Skip all pictures, then copy the lines from the start of the data through the line with "内卦は卦の合住を起こしていま", keeping both ends.

Source information:
━━━━━━━━━━━━━━━━

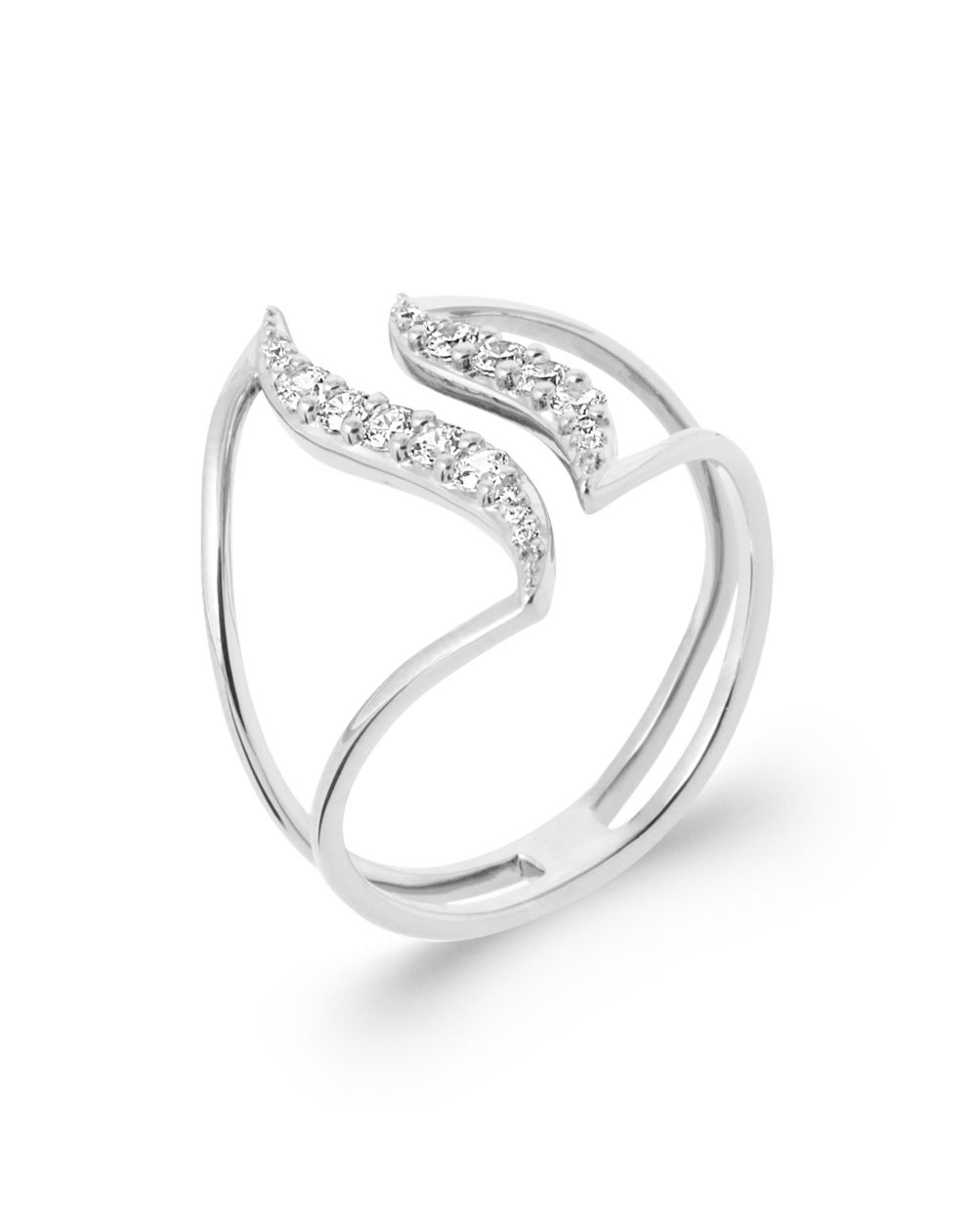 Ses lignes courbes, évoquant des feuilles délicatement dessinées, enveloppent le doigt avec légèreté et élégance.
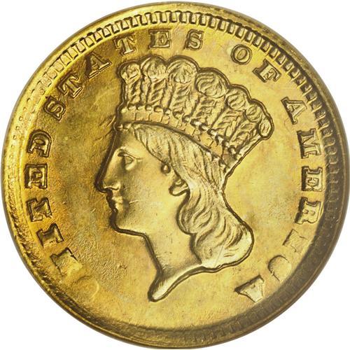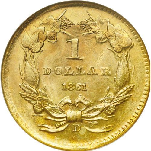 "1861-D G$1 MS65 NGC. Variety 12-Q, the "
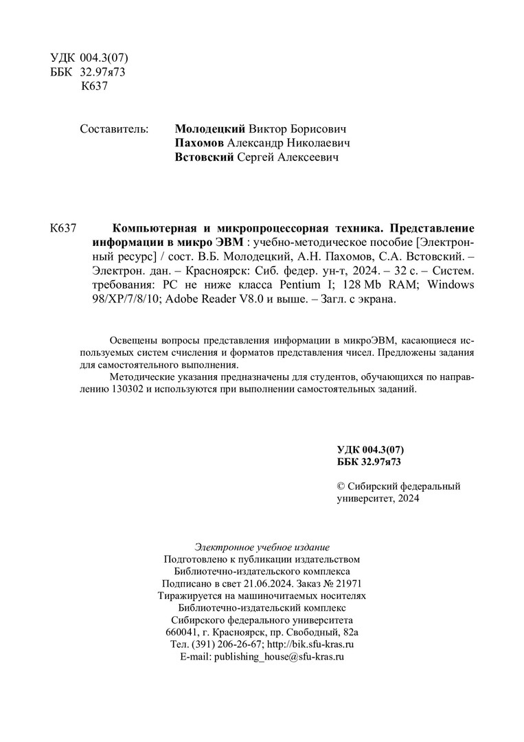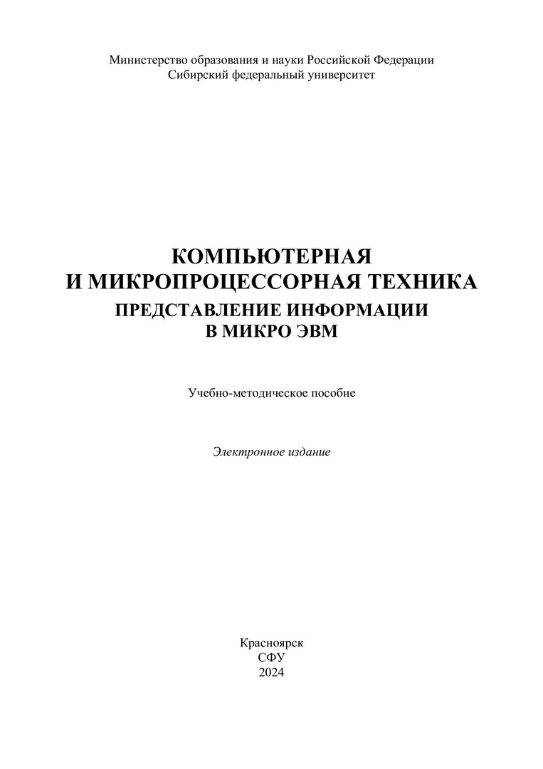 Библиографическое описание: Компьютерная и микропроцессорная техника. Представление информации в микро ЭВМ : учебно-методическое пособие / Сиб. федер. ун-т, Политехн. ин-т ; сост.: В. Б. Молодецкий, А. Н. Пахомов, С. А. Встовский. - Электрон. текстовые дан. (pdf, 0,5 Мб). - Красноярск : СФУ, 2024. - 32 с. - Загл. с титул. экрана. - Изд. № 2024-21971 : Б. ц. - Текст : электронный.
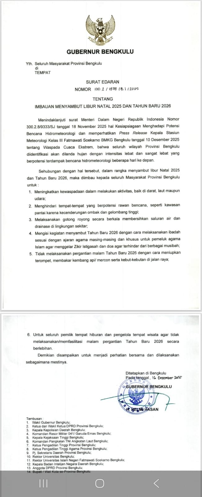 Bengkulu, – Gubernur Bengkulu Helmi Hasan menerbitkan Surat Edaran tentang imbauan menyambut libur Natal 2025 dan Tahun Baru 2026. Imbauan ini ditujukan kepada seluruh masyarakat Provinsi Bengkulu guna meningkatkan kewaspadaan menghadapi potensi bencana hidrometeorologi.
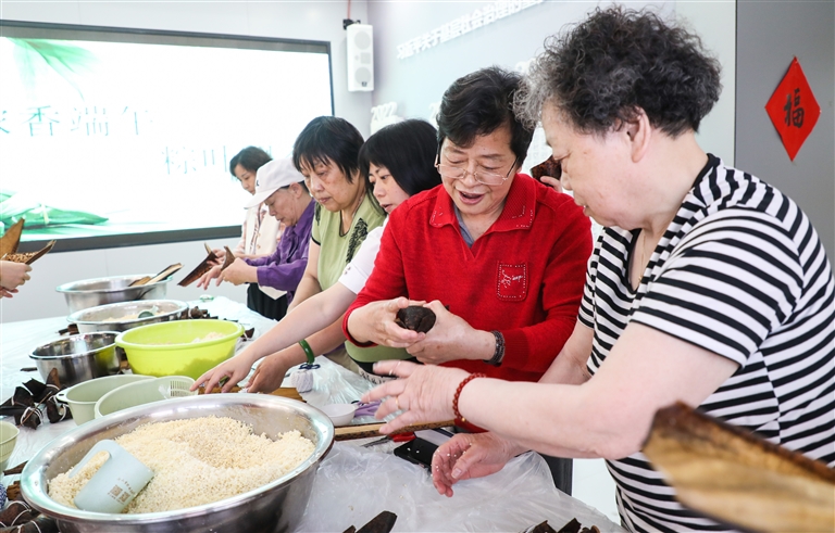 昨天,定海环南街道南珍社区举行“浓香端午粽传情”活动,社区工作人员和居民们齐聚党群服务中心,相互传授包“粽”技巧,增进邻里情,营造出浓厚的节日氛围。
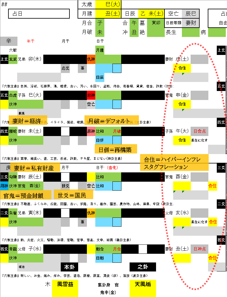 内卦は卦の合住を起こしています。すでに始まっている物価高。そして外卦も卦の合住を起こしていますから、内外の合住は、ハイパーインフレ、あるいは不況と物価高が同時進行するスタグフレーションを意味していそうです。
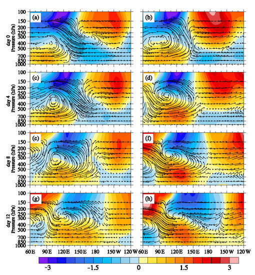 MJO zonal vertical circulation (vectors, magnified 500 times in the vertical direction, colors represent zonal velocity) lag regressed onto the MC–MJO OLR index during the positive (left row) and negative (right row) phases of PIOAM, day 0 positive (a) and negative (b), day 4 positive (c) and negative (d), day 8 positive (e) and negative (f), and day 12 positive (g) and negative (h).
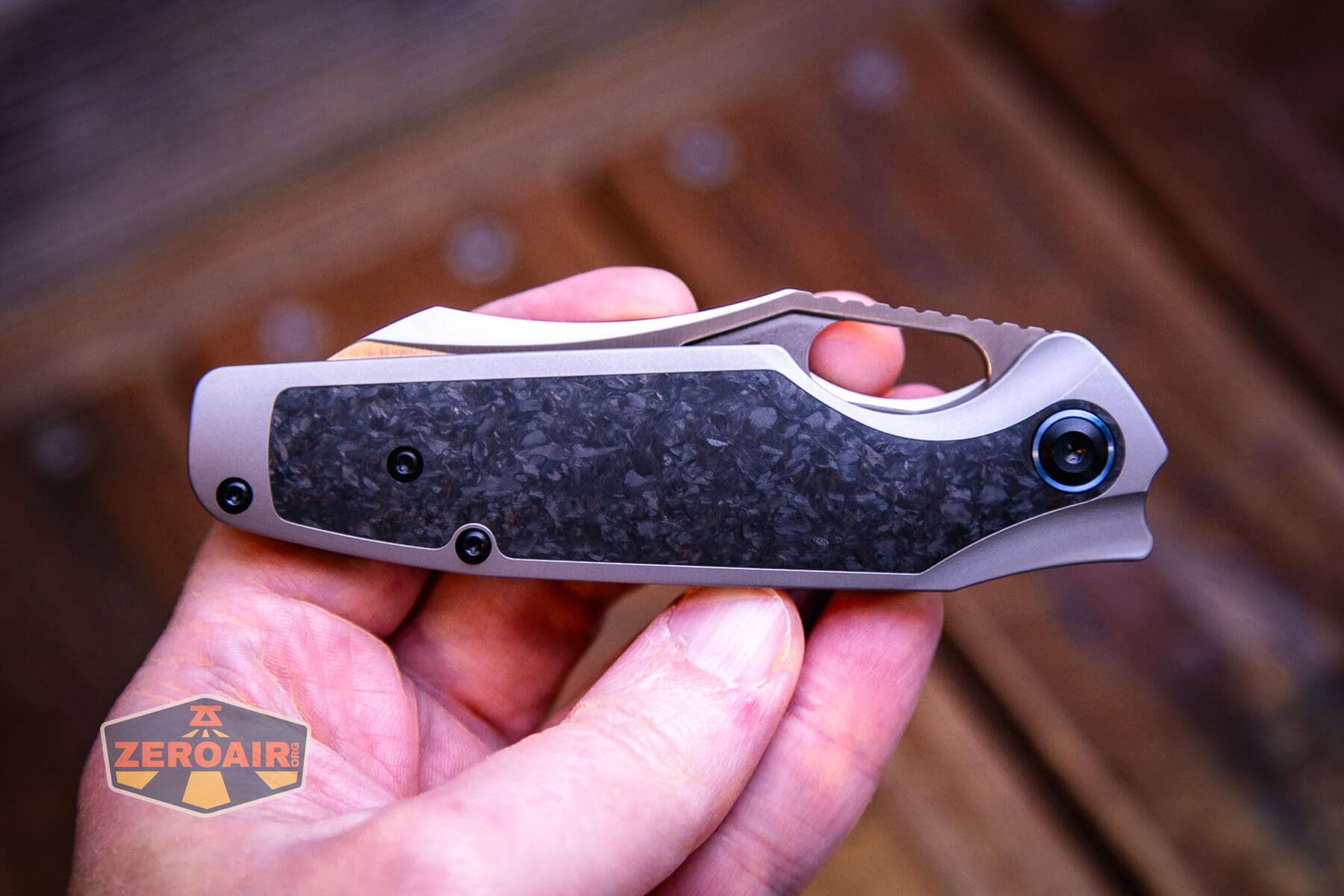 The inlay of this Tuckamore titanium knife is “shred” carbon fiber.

━━━━━━━━━━━━━━━━

Response:
 Ses lignes courbes, évoquant des feuilles délicatement dessinées, enveloppent le doigt avec légèreté et élégance.
 "1861-D G$1 MS65 NGC. Variety 12-Q, the "
 Библиографическое описание: Компьютерная и микропроцессорная техника. Представление информации в микро ЭВМ : учебно-методическое пособие / Сиб. федер. ун-т, Политехн. ин-т ; сост.: В. Б. Молодецкий, А. Н. Пахомов, С. А. Встовский. - Электрон. текстовые дан. (pdf, 0,5 Мб). - Красноярск : СФУ, 2024. - 32 с. - Загл. с титул. экрана. - Изд. № 2024-21971 : Б. ц. - Текст : электронный.
 Bengkulu, – Gubernur Bengkulu Helmi Hasan menerbitkan Surat Edaran tentang imbauan menyambut libur Natal 2025 dan Tahun Baru 2026. Imbauan ini ditujukan kepada seluruh masyarakat Provinsi Bengkulu guna meningkatkan kewaspadaan menghadapi potensi bencana hidrometeorologi.
 昨天,定海环南街道南珍社区举行“浓香端午粽传情”活动,社区工作人员和居民们齐聚党群服务中心,相互传授包“粽”技巧,增进邻里情,营造出浓厚的节日氛围。
 内卦は卦の合住を起こしています。すでに始まっている物価高。そして外卦も卦の合住を起こしていますから、内外の合住は、ハイパーインフレ、あるいは不況と物価高が同時進行するスタグフレーションを意味していそうです。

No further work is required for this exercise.